Multi billion documents index

Adam_Smith1 · November 12, 2015, 12:30am

Dear community,

I want to use elasticsearch to index inlinks of websites, currently 2 Billion Websites and ~ 500 Billion links, but only 100 Million domains. My queries shall only focus inlinks by domain - is there any chance to exploit this natural partitioning?

I want to index fulltext of anchor-links and some integer and double properties, say in average 100 bytes per document. Some domains like Google can have up to billions of inlinks, other a very low number. I could maybe use a large number of shards to adress the 2B border, but I fear the non-linear scaling behaviour of searches when having all 500B inlinks in one index. And I have no idea how indexing would behave for that number of documents.

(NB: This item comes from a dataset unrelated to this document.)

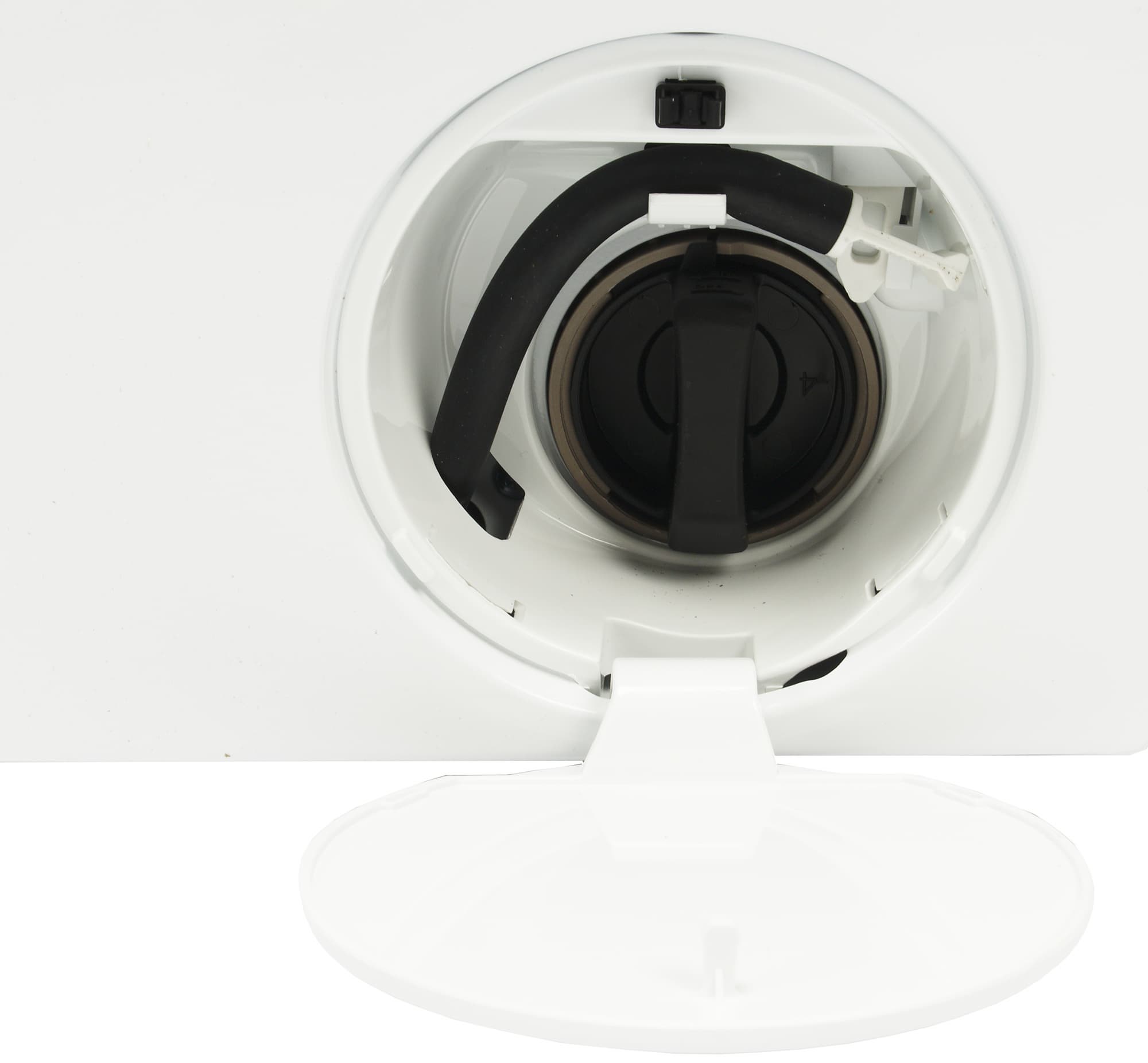 В нижнем правом углу передней панели под крышкой находится фильтр с патрубком аварийного слива.

I was also thinking to use something like https://code.google.com/p/lucene-on-cassandra/ where I could create a separate index per domain. But I would really like to use ES, certainly.

Would ES filters lead to the same behaviour when working on scale? Means that only links/documents from a domain are considered and hence response times can be reduced? Is there any other solution to achieve my goals?

Thanks for any advice!
Adam

warkolm · November 12, 2015, 3:39am

An index per domain would mean a lot of indices, and you may run into this.

Maybe look at an index per country code/TLD, and use routing?

mainec · November 12, 2015, 11:31am

Your problem sounds very much like One Big User | Elasticsearch: The Definitive Guide [2.x] | Elastic to me. Though not focussed on web crawling maybe the post helps you anyhow.

Isabel